Work instruction
Without any pictures, print the lines below from the one that has "The side-entry garage" through the one that has "Het perceel waarop", exactly and nothing else.

Extracted records

********

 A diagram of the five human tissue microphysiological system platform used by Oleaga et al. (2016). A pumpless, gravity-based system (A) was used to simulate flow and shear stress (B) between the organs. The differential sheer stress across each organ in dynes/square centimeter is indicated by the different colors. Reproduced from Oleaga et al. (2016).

********

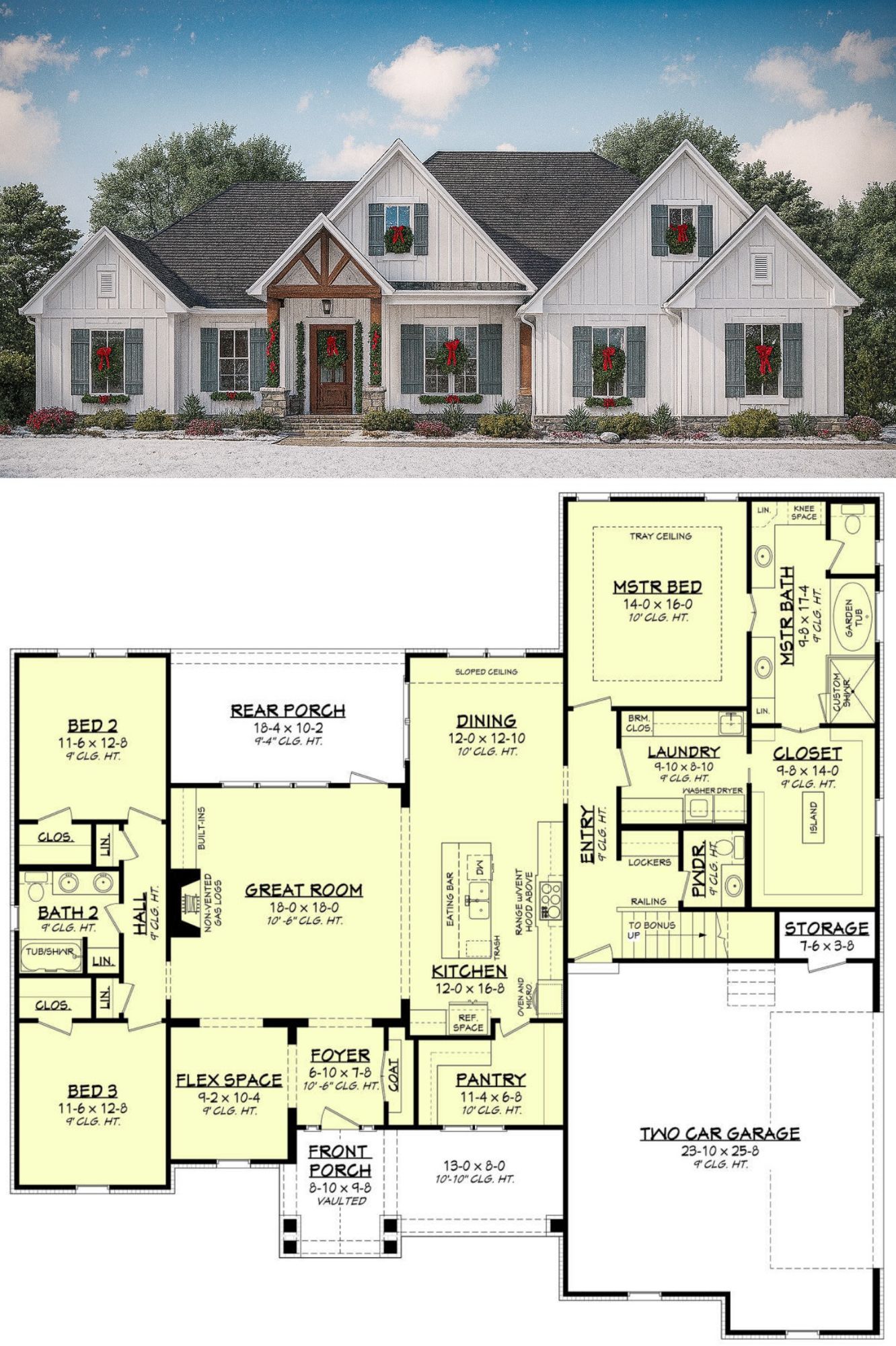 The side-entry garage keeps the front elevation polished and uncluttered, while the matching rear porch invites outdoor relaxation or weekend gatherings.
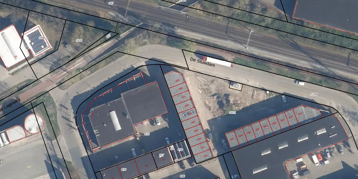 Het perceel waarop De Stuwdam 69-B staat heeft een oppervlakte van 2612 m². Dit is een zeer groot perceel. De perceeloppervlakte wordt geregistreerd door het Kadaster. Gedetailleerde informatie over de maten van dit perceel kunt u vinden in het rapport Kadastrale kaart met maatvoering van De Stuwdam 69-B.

********

The completed task
 The side-entry garage keeps the front elevation polished and uncluttered, while the matching rear porch invites outdoor relaxation or weekend gatherings.
 Het perceel waarop De Stuwdam 69-B staat heeft een oppervlakte van 2612 m². Dit is een zeer groot perceel. De perceeloppervlakte wordt geregistreerd door het Kadaster. Gedetailleerde informatie over de maten van dit perceel kunt u vinden in het rapport Kadastrale kaart met maatvoering van De Stuwdam 69-B.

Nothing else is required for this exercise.